Comment expliquer les meurtres d’animaux ?


  • Comment expliquer les meurtres d’animaux ?Photo : Shuterstock
  • Protection/ Maltraitance

    Laurent Bègue-Shankland, Université Grenoble Alpes (UGA)

    C’est un véritable outrage moral que suscite la série de mutilations de chevaux qui se produit en France depuis le début de l’année.

    Ces faits sordides ont engendré la propagation d’hypothèses hors du commun, comme celle d’une emprise sectaire des auteurs ou de liturgies sataniques. À l’exemple d’autres pays confrontés à des séquences de thériocides (ou meurtres d’animaux), comme des exécutions de chats autour de Londres durant les années 90 (finalement expliquées par des accidents de la route et des prédateurs) ou de chevaux en Angleterre ou en Allemagne, les hypothèses les plus variées ont percé.

    Dans ces circonstances énigmatiques et confuses, il est utile de faire le point sur quelques connaissances fondamentales issues de la criminologie contemporaine pour éclairer ces conduites.

    On peut, pour simplifier, regrouper les causes de ces violences en deux grandes catégories : les perturbations psychologiques individuelles, chroniques ou transitoires, et les normes culturelles.

    Symptôme d’une souffrance psychique

    Les conduites cruelles envers les animaux telles que la criminologie ou la psychiatrie les ont décryptées depuis les années 60 ont été le plus souvent conçues comme résultant de déficits psychiatriques ou neurologiques.

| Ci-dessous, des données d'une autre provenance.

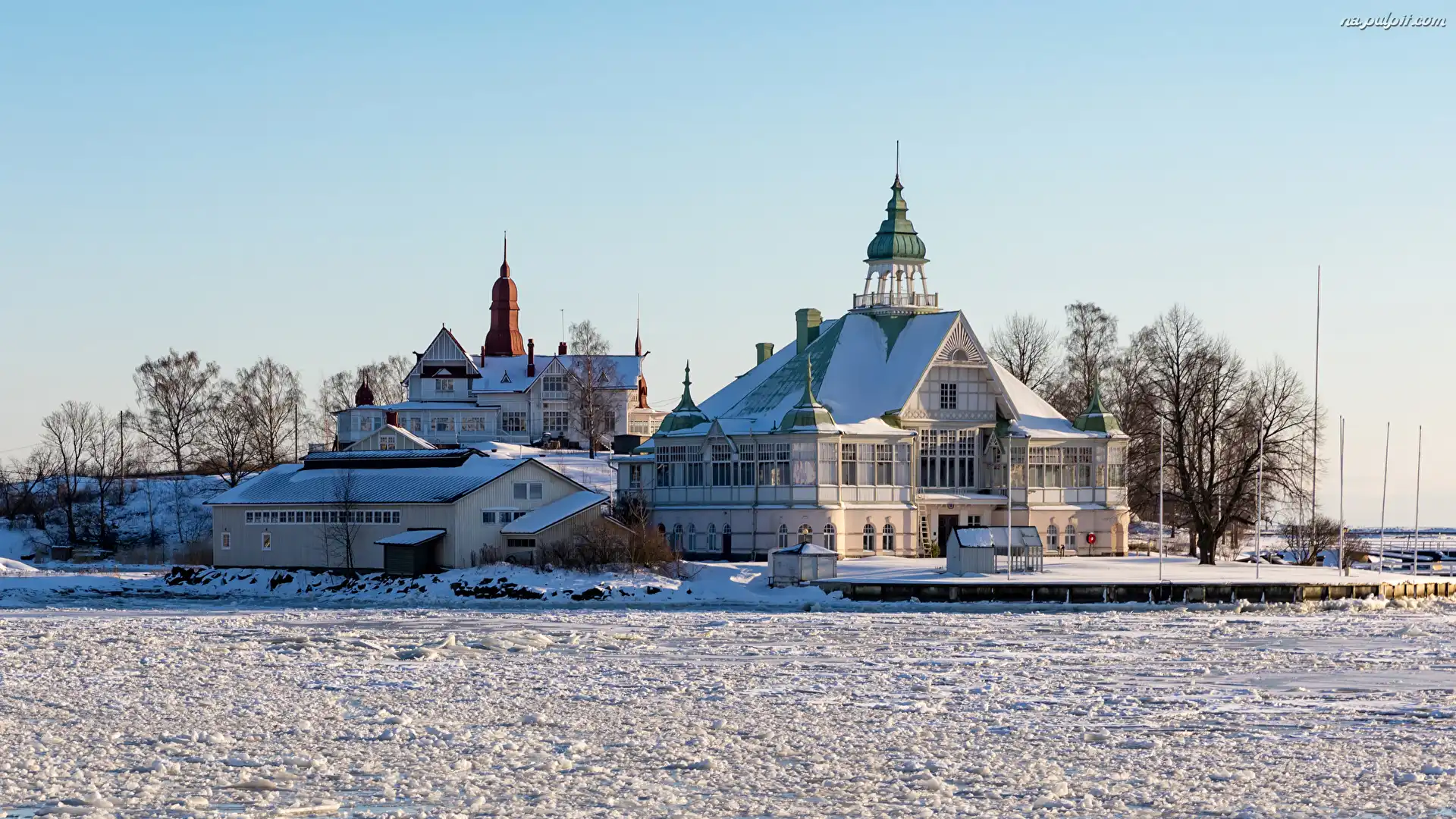Drzewa, Helsinki, Śnieg, Restauracja, Finlandia, Wyspa Valkosaari, Zima Na Pulpit
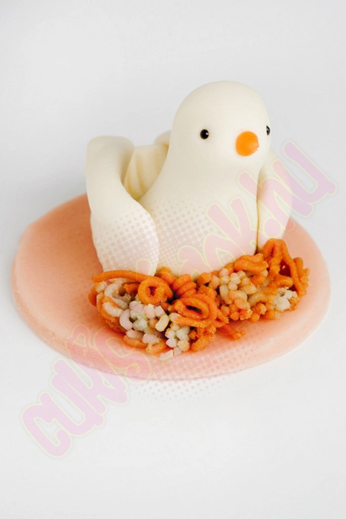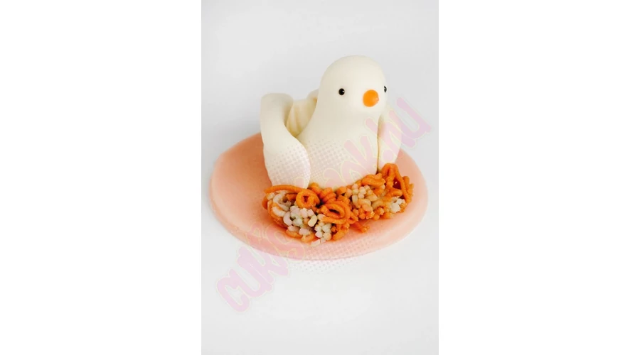Galambot ábrázoló, kézzel készített marcipán figura, darabonként celofánba csomagolva. Alkalmi torták, sütemények díszítésére, vagy önállóan ajándékként felhasználható. Súlya: ~35 gramm.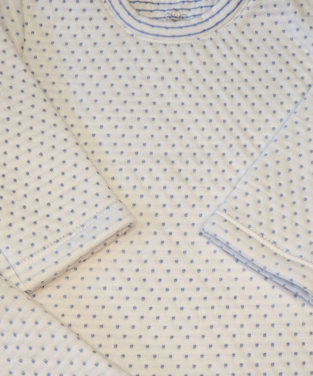 O tecido jacquard de Pima Peruano é ideal para manter as crianças aquecidas com muito conforto. Seu tecido acolchoado, 100% Algodão Pima, deixa a pele respirar dando maior conforto durante o sono.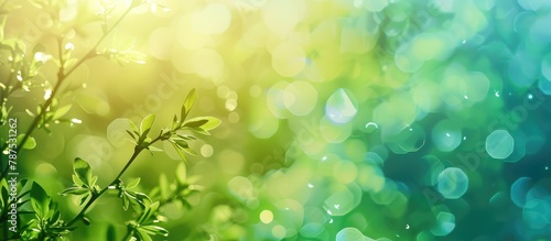 Fototapeta premium Spring background with blurred abstracts in green and blue hues.
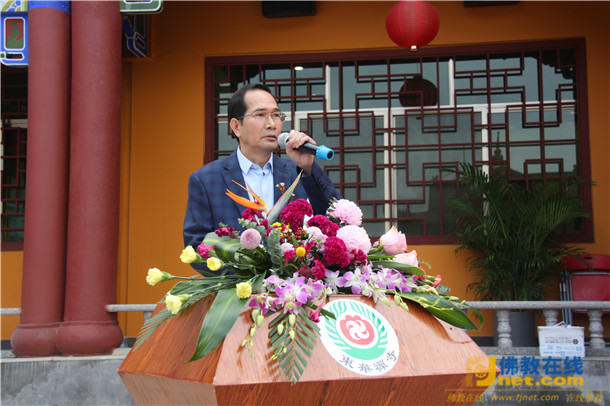 万行法师致辞时表示,东华禅寺自复建以来,就树立了东华家风:“信教先爱国、学佛先做人,修道先发心、对国要忠诚、对佛要虔诚、对人要真诚”。数十年来,一直秉持东华家风的精神布道弘法。建立爱国馆的初衷就是感恩怀念佛门里面的祖师大德们为法忘躯、为国忘躯的大无畏精神和慈悲济世的精神,借此精神号召现在的僧侣和广大信教群众们学佛莫忘众生,出家要感恩政府,热爱祖国。
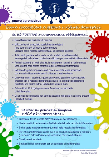 1 – Se si è positivi al CORONAVIRUS o si è in quarantena obbligatoria, l’indicazione è quella di non differenziare più i rifiuti di casa sino al risolversi della situazione di contagio, e quindi di conferire tutti i rifiuti (plastica, vetro, carta, umido, metallo e indifferenziata) nel rifiuto residuo. Il conferimento dovrà avvenire utilizzando due o tre sacchetti resistenti (uno dentro l’altro) all’interno del contenitore utilizzato per il rifiuto residuo, se possibile a pedale.

    Par exemple, l’un des premiers modèles psychiatriques, la triade de Mc Donald, suggérait que la cruauté envers les animaux allait de pair avec l’énurésie (le fait d’uriner dans son sommeil après l’âge de 5 ans) et la pyromanie, et s’avérait prédictive de violences graves commises sur des humains.

    Selon des sources policières, certains tueurs en série se distinguaient même par le fait qu’ils découpaient en morceaux des animaux en peluche durant leur enfance avant de martyriser de petits animaux vivants quelques années plus tard…

    Les fragilités psychologiques des auteurs de violence envers les animaux ont également été récemment vérifiées en France dans une étude que j’ai menée auprès d’un large échantillon d’adolescents.

    Ceux-ci sont apparus plus anxieux et dépressifs, avaient des liens sociaux plus ténus avec leur entourage, et étaient davantage auteurs de harcèlement scolaire.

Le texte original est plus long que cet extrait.